In addition to the centrally mediated CRF actions, recent experimental and clinical studies indicate that peripheral injection of CRF or CRF1 agonists mimic the effects of acute stress on the colon as shown by the increase in myenteric neuronal activity, motility, transit, mucus secretion, macromolecular permeability and visceral pain [7,11,25,26,36,46,47,55]. These actions of exogenously administered CRF into the circulation or isolated colon in rats or colonic biopsy specimens in humans are largely mediated by the activation of CRF1 receptor prominently located in myenteric neurons and immune cells [9,22,29,34,46,55]. The relevance of the peripheral activation of CRF receptor signaling is also supported by the dampening of acute stress-induced stimulation of colonic secretory motor function by peripheral injection of peptide CRF receptor antagonists with poor brain penetrance in rats and humans [39,41,50]. However, compared to the brain, less is known on CRF gene expression and CRF localization and its regulation by stressors in the rat colon. So far, CRF mRNA has been reported to be expressed in the mice and rat ileum [24,51], rat cecum [45] and human colonic mucosa [18] and rapidly upregulated in rat and mice ileum in response to toxin A that was perfused in the ileal loop [24,51].

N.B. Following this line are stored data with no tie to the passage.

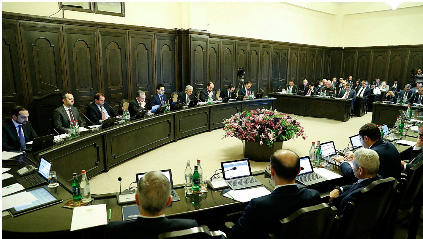
The Armenian Government convened for a special meeting on March 16, 2020 to declare a month-long state of emergency

Citing the need to contain the further spread of a potentially deadly novel coronavirus, the Armenian government on March 16 declared a state of emergency, introducing a range of limitations for Armenian citizens and partially prohibiting entry into the country for foreigners.
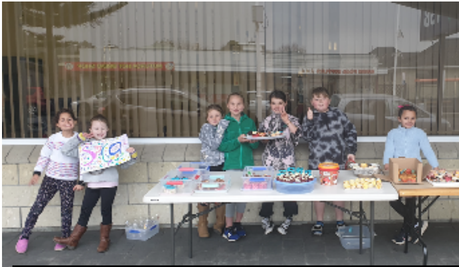
SPCA Cupcake Day
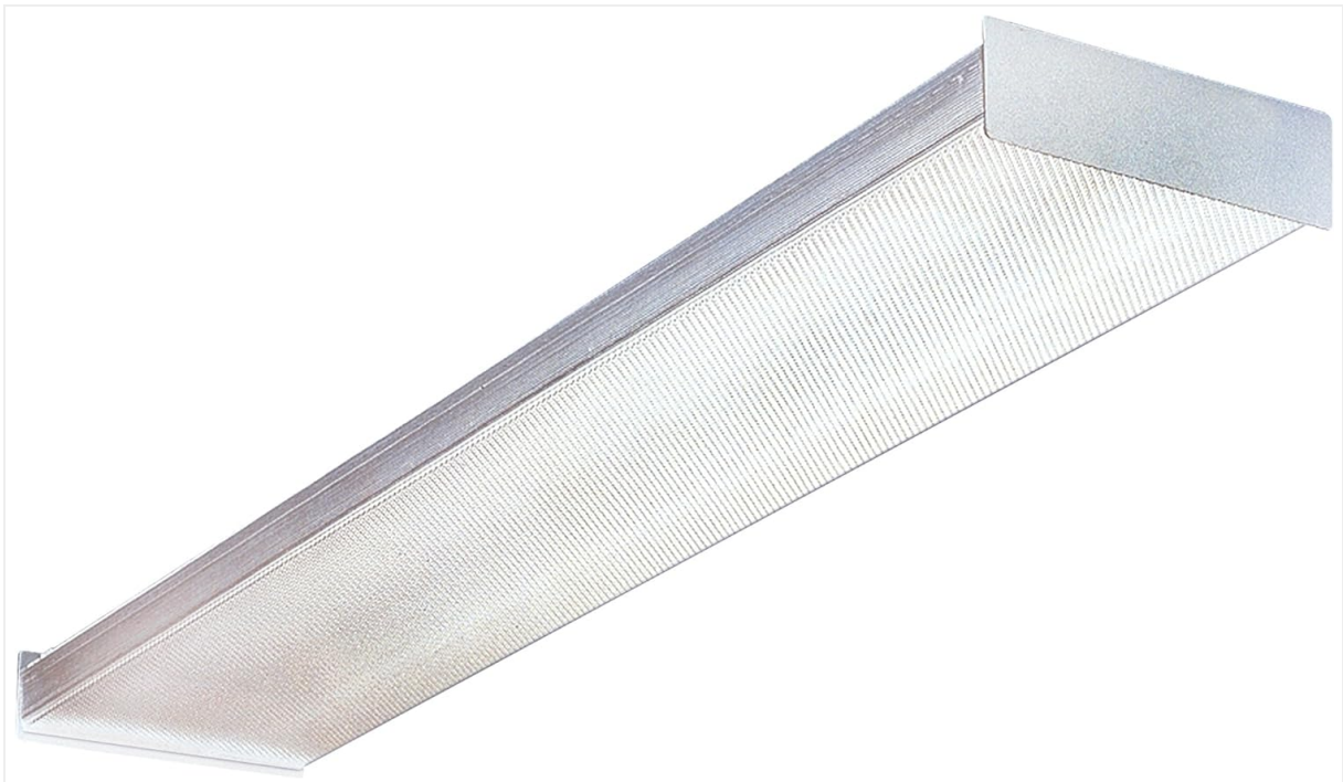
Image 1.1: Lithonia Lighting SB 232 120 GESB Wraparound Fluorescent Fixture.

This manual provides instructions for the safe installation, operation, and maintenance of the Lithonia Lighting SB 232 120 GESB Wraparound 2-head Narrow Body T8 Fluorescent Ceiling Fixture. This fixture is designed for general illumination in various indoor settings such as storage rooms, offices, or retail applications. Key features include a hinged design for easy cleaning, an instant-on electronic ballast to eliminate flickering and humming, and a prismatic diffuser for controlled light distribution.
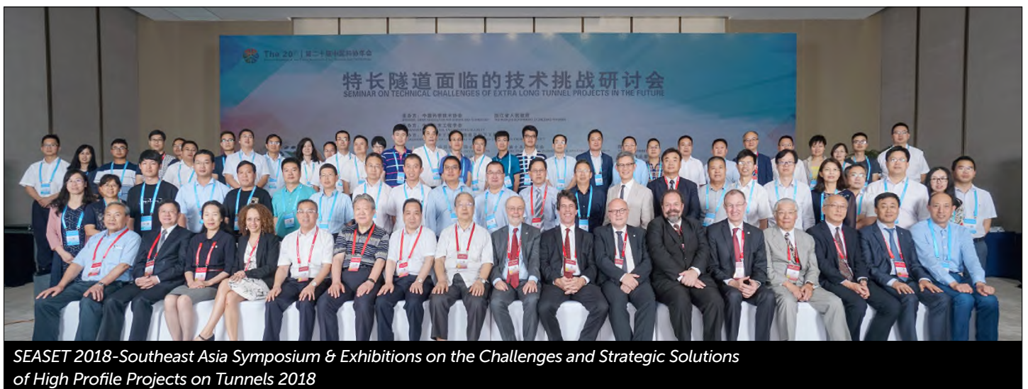
SEASET 2018-Southeast Asia Symposium & Exhibitions on the Challenges and Strategic Solutions of High Profile Projects on Tunnels 2018
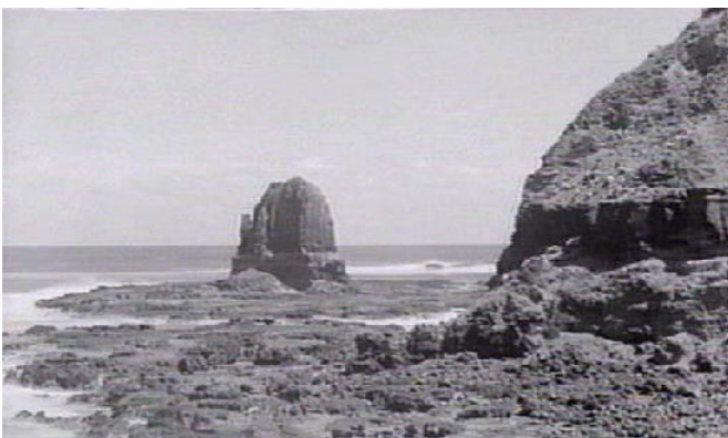
Figure 8 Photograph: Pulpit Rock

Following lunch we will drive to Cape Schanck to view Pulpit Rock and Bushranger's Bay and visit the sites La Trobe sketched.
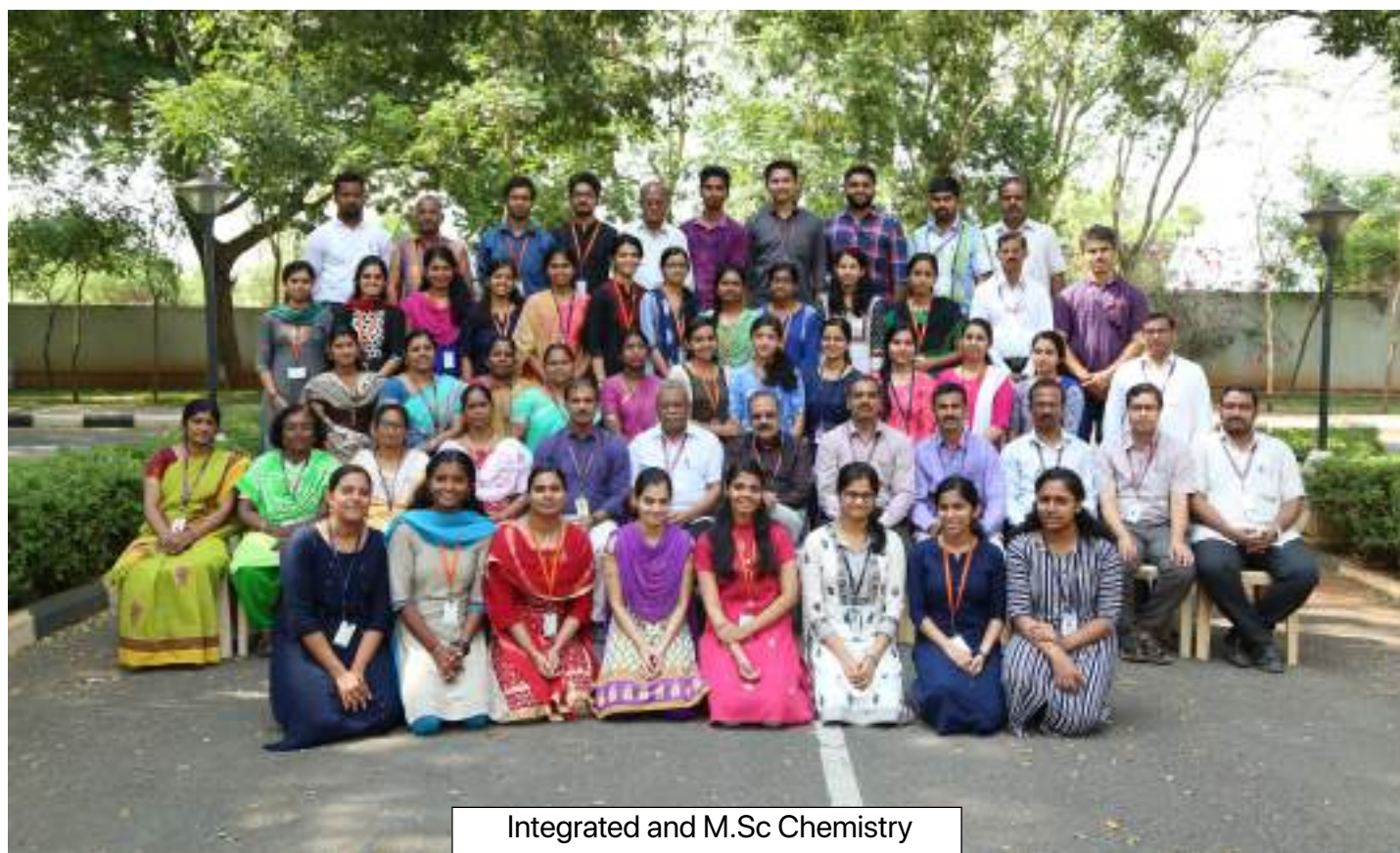
Integrated and M.Sc Chemistry
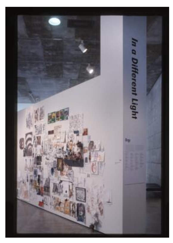
Fig. 2. Installation view of Orgy section, In A Different Light , Photo courtesy of Berkeley Art Museum and Pacific Film Archive.
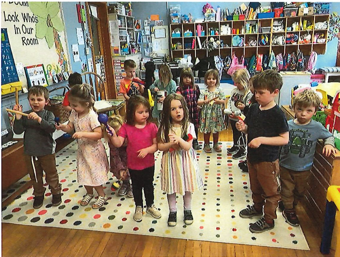
The children playing instruments to the music “Celebration.”

Another thing completed for the month was Catechesis of the Good Shepherd which they enjoyed very much.
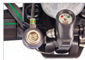
Quick-connect remote connection

2 Low profile version of the 45-minute, 4500 psig cylinder
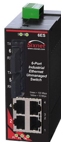
SL-6ES-4/5 Lexan Case Standard Temperature
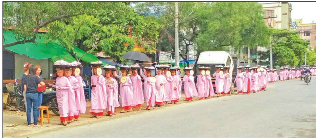
Devotees offer donations to nuns on Full Moon Day of Thadingyut.

TEN thousand lights festivals were held at Maha Muni Buddha Image, Kyauktawgyi Buddha Temple and Mandalay Hill's Pagoda yesterday at the night of Thadingyut full moon in Mandalay.
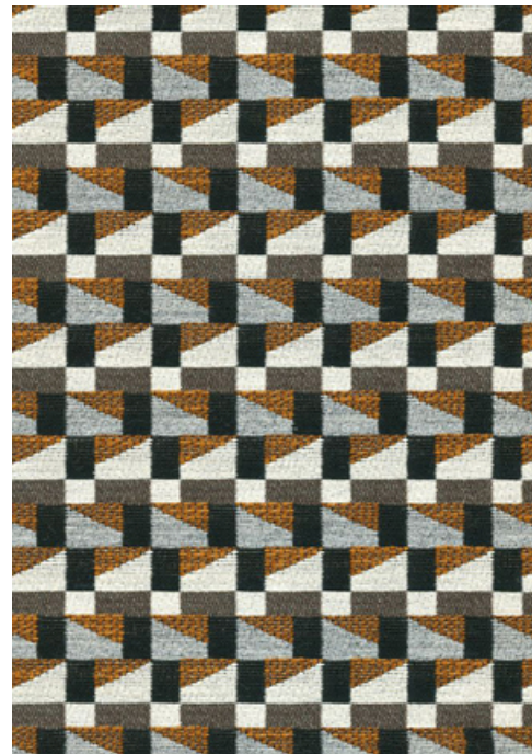
007 Ink Brush
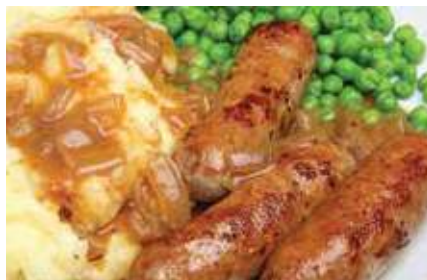
BANGERS & MASH
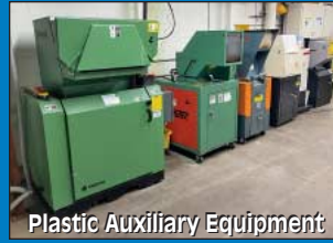
Plastic Auxiliary Equipment
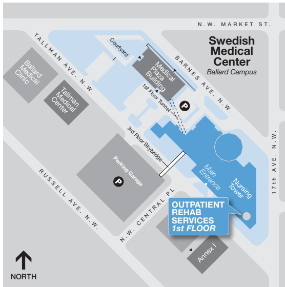
Swedish Medical Center/Ballard Outpatient Rehabilitation Services 5300 Tallman Ave. N.W. Seattle, WA 98107 T 206-781-6346
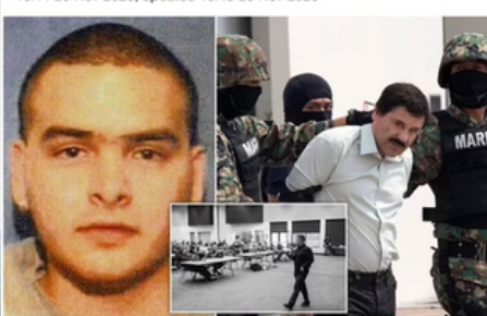
Share or comment on this article:

"Nationally recognized by ABC News, Reuters International & the Wall Street Journal and others."
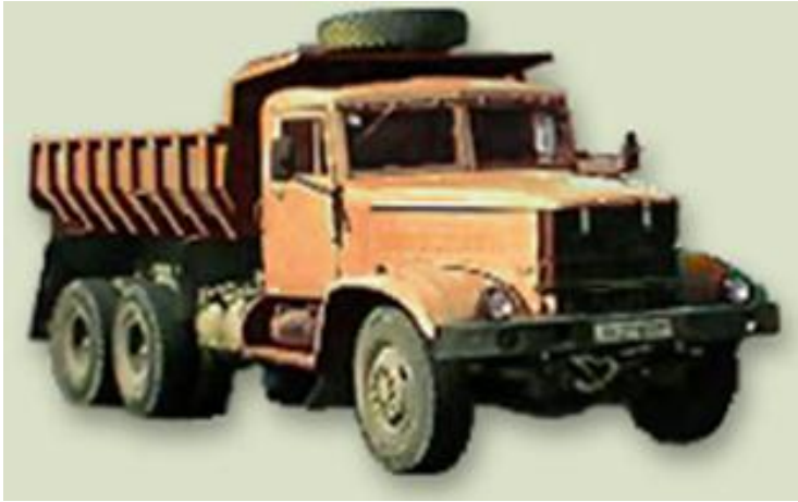
Fig.3 KRAZ 256
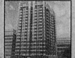
RUPAYAN Galaxy 46 New Eskaton Road, Dhaka. Apt. Size : 1250-2030 Sft.

এছাড়াও বিশেষ ছাড়ে রূপায়ন-এর এ্যাপার্টমেন্ট, অফিস স্পেস ও শো-রুম বরাদ্দ চলছে : ধানমন্ডি, উত্তরা, কাকরাইল, বনানী, মহাখালী, কলশান, নিকেতন, লক্ষ্মীবাজারসহ সকল আকর্ষণীয় লেভা লোকেশনে।
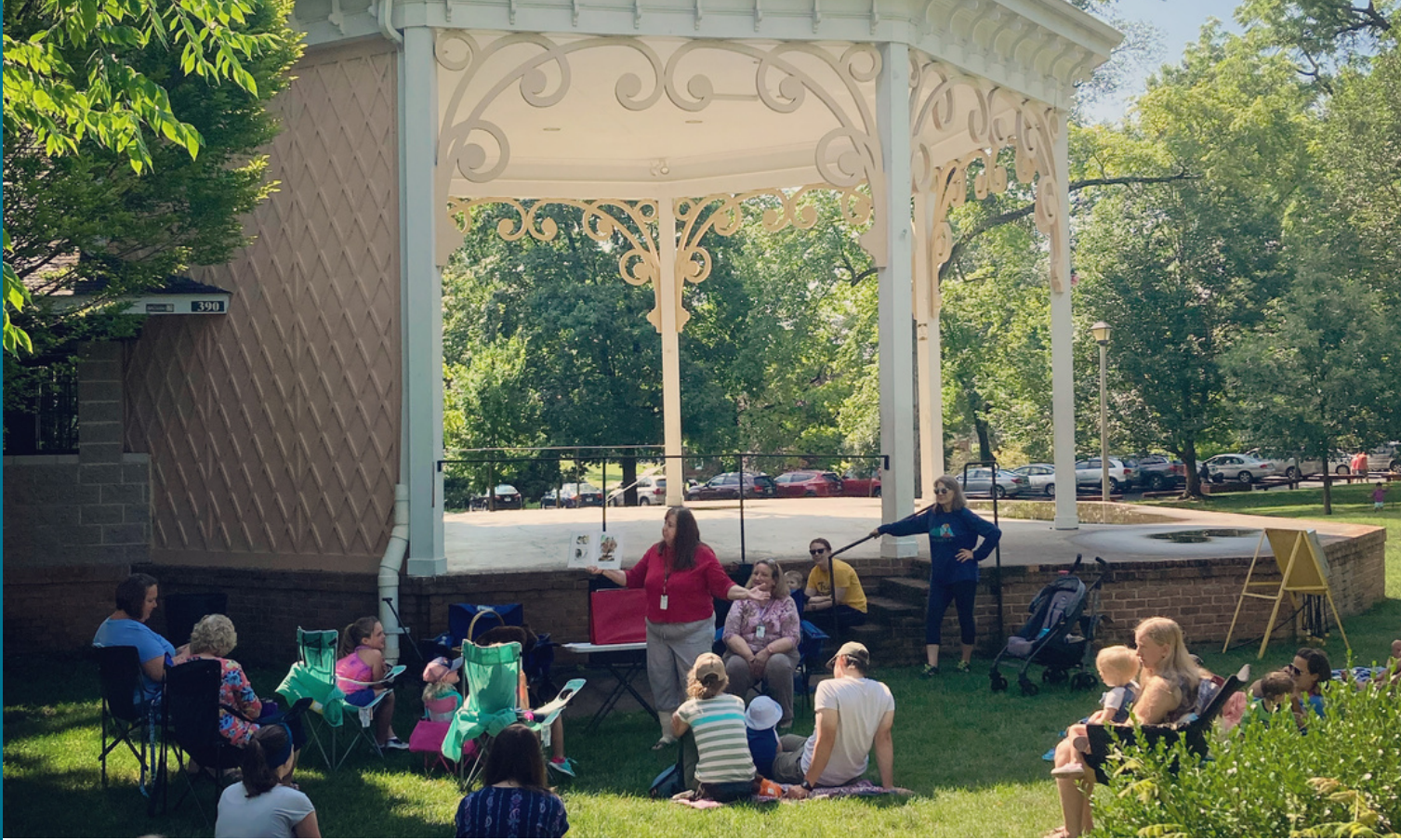
The Staunton Public Library held socially-distanced outdoor story time sessions in Gypsy Hill Park and other locations around the community.
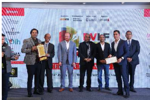
Publisher: Wonder House Books Category: Children's Book Position: First
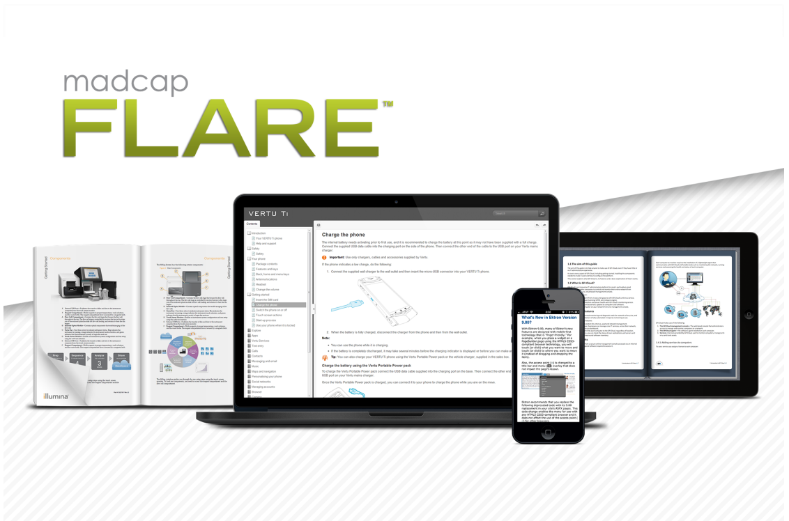
Figure 1-1 Figure caption

Here is some general text for a topic. Replace this with your own content. Here is some general text for a topic. Replace this with your own content. Here is some general text for a topic. Replace this with your own content. Here is some general text for a topic. Replace this with your own content. Here is some general text for a topic. Replace this with your own content. Here is some general text for a topic. Replace this with your own content. Here is some general text for a topic. Replace this with your own content. Here is some general text for a topic. Replace this with your own content.

Therefore in the present study, we investigated CRF expression at the gene and protein levels in the proximal and distal colon in naïve rats and in response to peripheral injection of lipopolysaccharide (LPS) and corticosterone. Gene expression was assessed by reverse transcription-polymerase chain reaction (RT-PCR) and real time quantitative PCR [53]. The cellular location and identity (endocrine vs neuronal) of CRF positive cells were characterized using immunohistochemistry and double immunostaining with tryptophan hydroxylase (TPH) as an enterochromaffin cell marker [21,54] and Hu C/D as a neuronal marker [27] in the whole thickness tissue sections. CRF immunoreactivity change in response to LPS was also evaluated using digital computer-assisted image analysis in whole mount preparation of enteric plexuses (submucosal and myenteric).

2. Materials and methods

2.1. Animals

Male Sprague-Dawley rats (265–297 g, Harlan Laboratory, San Diego, CA) were group housed under controlled conditions (22–24°C, lights on from 6:00 AM to 6:00 PM) with free access to standard rodent chow (Prolab RMH 2500, PMY Nutrition International, Brentwood, MO) and tap water. Studies were conducted under the approved protocols of the Department of Veterans Affairs Animal Component of Research Veterans Affairs Greater Los Angeles Healthcare System (04012-06 and 9906-820). All experiments were performed between 9:00 AM and 1:00 PM to avoid confounding variables of diurnal rhythm influence on the HPA axis under basal and stress conditions.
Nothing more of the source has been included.